Source data >>
———

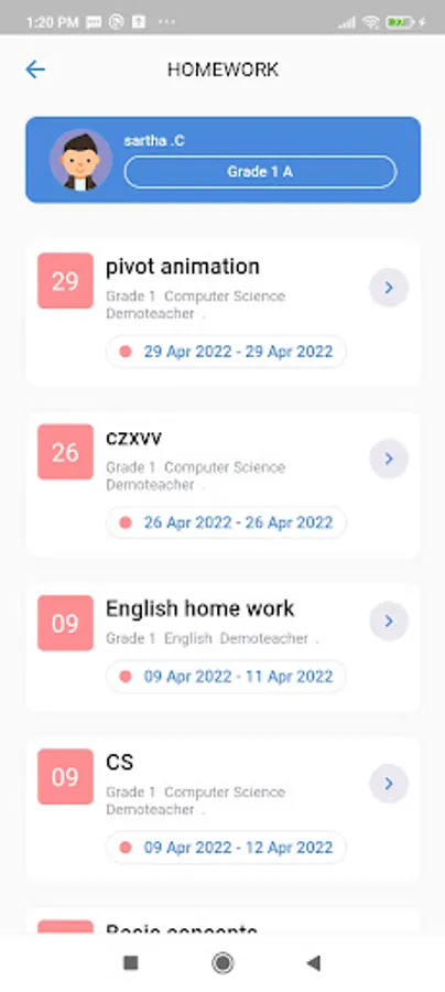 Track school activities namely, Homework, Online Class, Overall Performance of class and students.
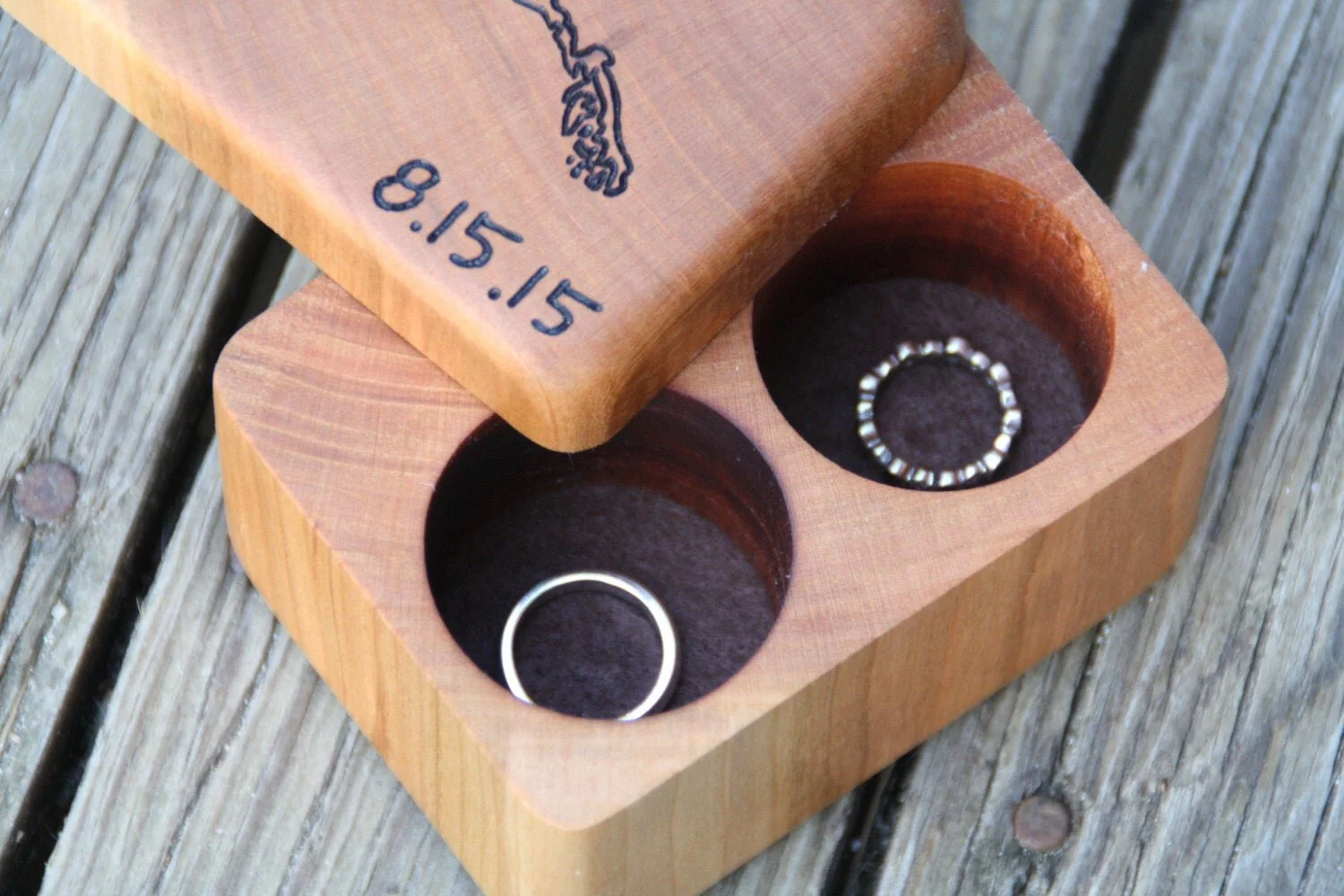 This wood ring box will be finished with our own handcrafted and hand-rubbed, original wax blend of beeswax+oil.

———

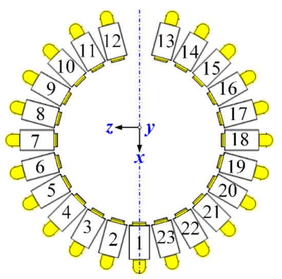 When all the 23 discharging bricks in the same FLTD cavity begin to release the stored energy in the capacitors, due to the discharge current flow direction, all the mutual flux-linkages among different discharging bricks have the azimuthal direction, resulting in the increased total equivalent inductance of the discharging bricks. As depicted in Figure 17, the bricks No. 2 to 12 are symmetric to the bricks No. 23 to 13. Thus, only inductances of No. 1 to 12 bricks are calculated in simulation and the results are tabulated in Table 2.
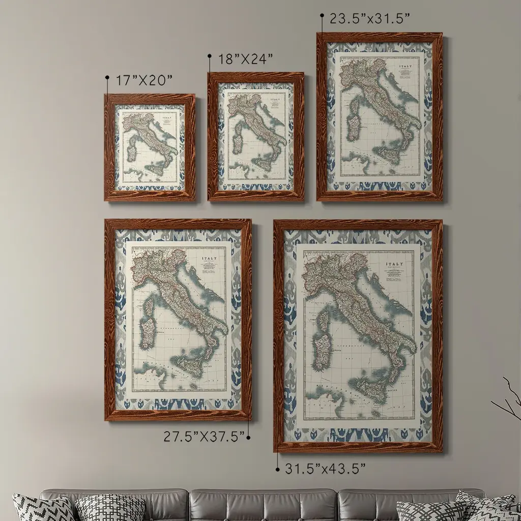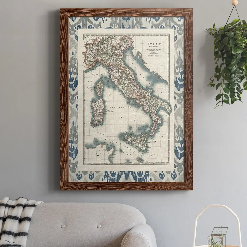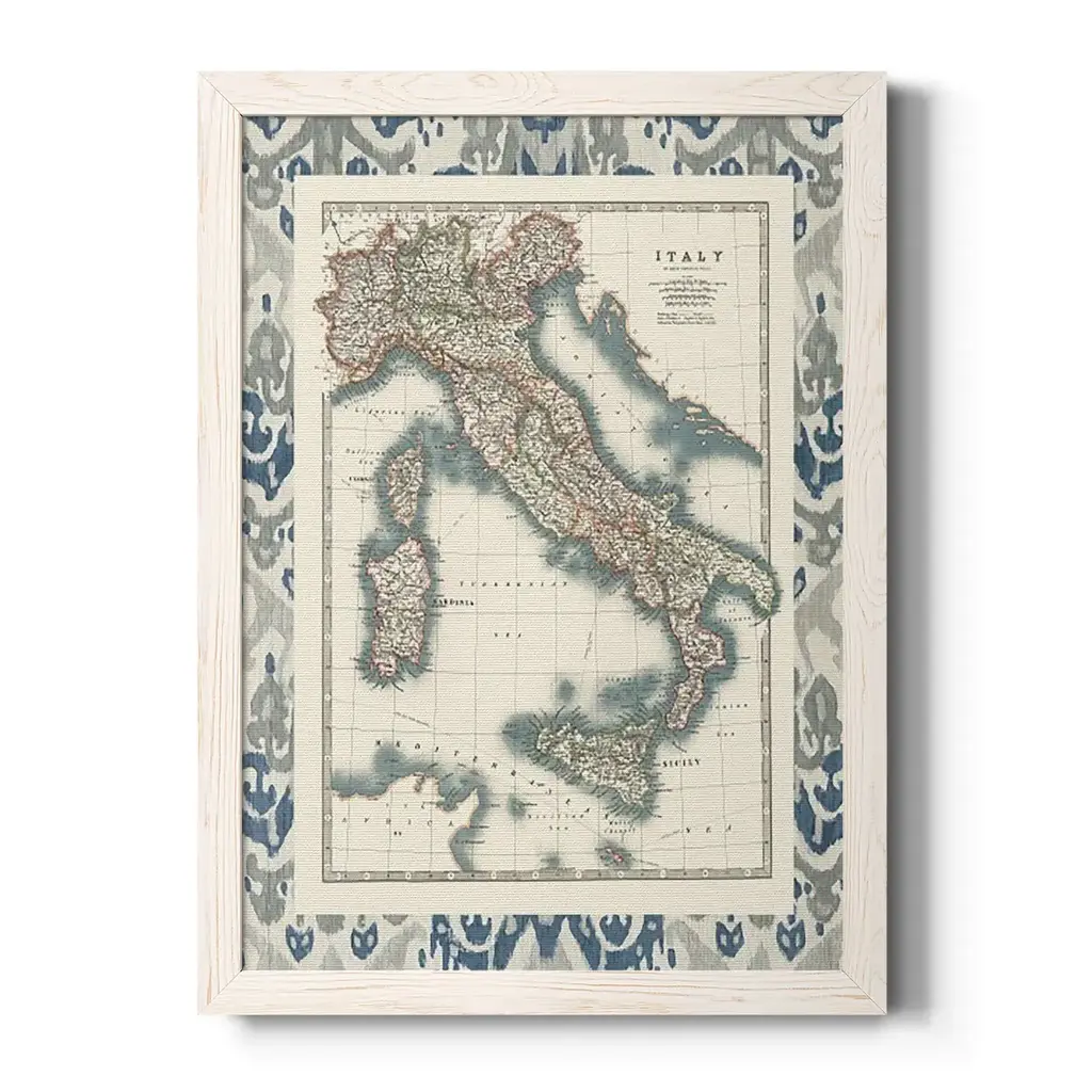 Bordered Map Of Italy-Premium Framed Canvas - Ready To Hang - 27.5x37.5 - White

———

Output exactly the lines of the listing above that start with the one holding "Track school activities" and go on through the one holding "This wood ring"; leave the pictures out.

Written solution >>
 Track school activities namely, Homework, Online Class, Overall Performance of class and students.
 This wood ring box will be finished with our own handcrafted and hand-rubbed, original wax blend of beeswax+oil.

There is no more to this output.